● **PROBLEM DESCRIPTION**:
Retype the listing exactly as it stands, and keep every image out.

───── RECORDS FOR THE EXERCISE

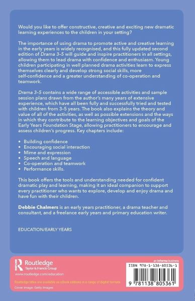 Would you like to offer constructive, creative and exciting new dramatic learning experiences to the children in your setting? The importance of using drama to promote active and creative learning in the early years is widely recognised, and this fully updated second edition of Drama 3-5 will guide and inspire practitioners in all settings, allowing them to lead drama with confidence and enthusiasm. Young children participating in well planned drama activities learn to express themselves clearly and develop strong social skills, more self-confidence and a greater understanding of co-operation and team-work. Drama 3-5 contains a wide range of accessible activities and sample session plans, drawn from the author's many years of extensive experience, which have all been fully and successfully tried and tested with children from 3-5 years. The book also explains the theory and value of all of the activities, as well as possible extensions and the ways in which they contribute to the learning objectives and goals of the Early Years Foundation Stage, allowing practitioners to encourage and assess children's progress. Key chapters include: Building confidence Encouraging social interaction Mime and expression Speech and language Co-operation and teamwork Performance skills¿ This book offers the tools and understanding needed for confident dramatic play and learning, making it an ideal companion to support every practitioner who wants to explore, develop and enjoy drama and have fun with their children.
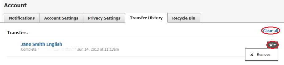 Nota: La eliminación de elementos en su historial de transferencias no eliminará la colección de sus recursos personales. No obstante, cuando no haya elementos en su historial de transferencias, esta área no aparecerá en su cuenta.
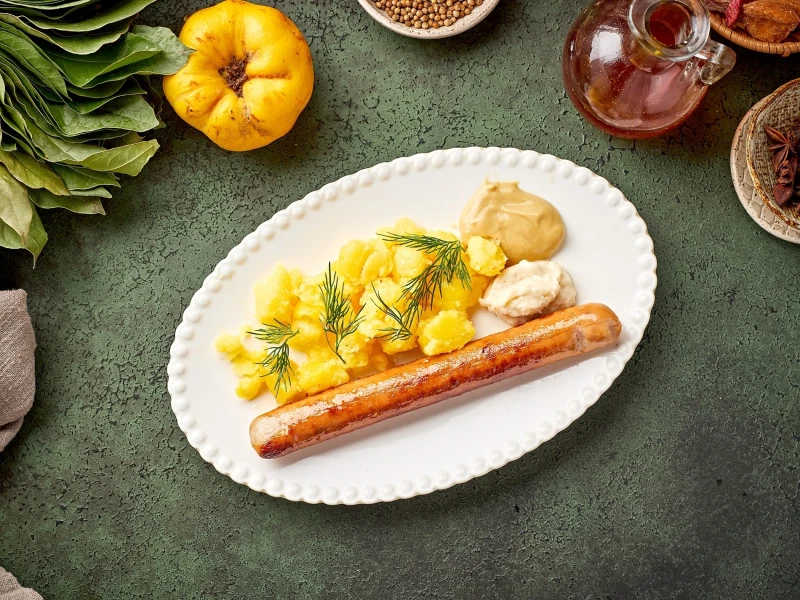 Куриная колбаска с картофелем, сливочным хреном и горчицей
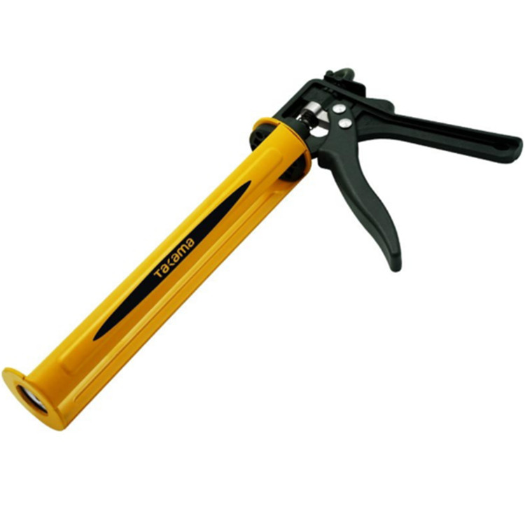 Takama(高松)冷軋鋼旋式堵縫槍先將美縫劑槍尾部的手柄向外扒,直到聽到咔的聲響,將尾部的推桿抽出,然后將美縫劑裝入膠筒中,注意單組美縫劑槍裝入單份美縫劑即可,雙組則裝入雙份,最后將之前取出的推桿推入,抵住美縫劑就可以開始施工了。
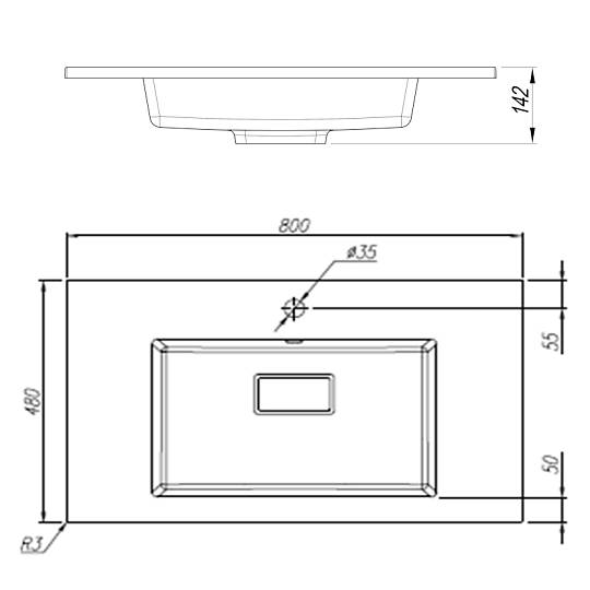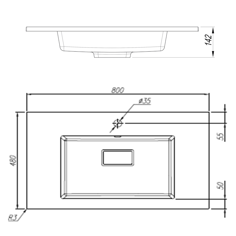 Раковина ПЕРСОНА 800. Размер: 800х480х142 мм.

──────────

● **RESPONSE TO THIS EXERCISE**:
 Would you like to offer constructive, creative and exciting new dramatic learning experiences to the children in your setting? The importance of using drama to promote active and creative learning in the early years is widely recognised, and this fully updated second edition of Drama 3-5 will guide and inspire practitioners in all settings, allowing them to lead drama with confidence and enthusiasm. Young children participating in well planned drama activities learn to express themselves clearly and develop strong social skills, more self-confidence and a greater understanding of co-operation and team-work. Drama 3-5 contains a wide range of accessible activities and sample session plans, drawn from the author's many years of extensive experience, which have all been fully and successfully tried and tested with children from 3-5 years. The book also explains the theory and value of all of the activities, as well as possible extensions and the ways in which they contribute to the learning objectives and goals of the Early Years Foundation Stage, allowing practitioners to encourage and assess children's progress. Key chapters include: Building confidence Encouraging social interaction Mime and expression Speech and language Co-operation and teamwork Performance skills¿ This book offers the tools and understanding needed for confident dramatic play and learning, making it an ideal companion to support every practitioner who wants to explore, develop and enjoy drama and have fun with their children.
 Nota: La eliminación de elementos en su historial de transferencias no eliminará la colección de sus recursos personales. No obstante, cuando no haya elementos en su historial de transferencias, esta área no aparecerá en su cuenta.
 Куриная колбаска с картофелем, сливочным хреном и горчицей
 Takama(高松)冷軋鋼旋式堵縫槍先將美縫劑槍尾部的手柄向外扒,直到聽到咔的聲響,將尾部的推桿抽出,然后將美縫劑裝入膠筒中,注意單組美縫劑槍裝入單份美縫劑即可,雙組則裝入雙份,最后將之前取出的推桿推入,抵住美縫劑就可以開始施工了。
 Раковина ПЕРСОНА 800. Размер: 800х480х142 мм.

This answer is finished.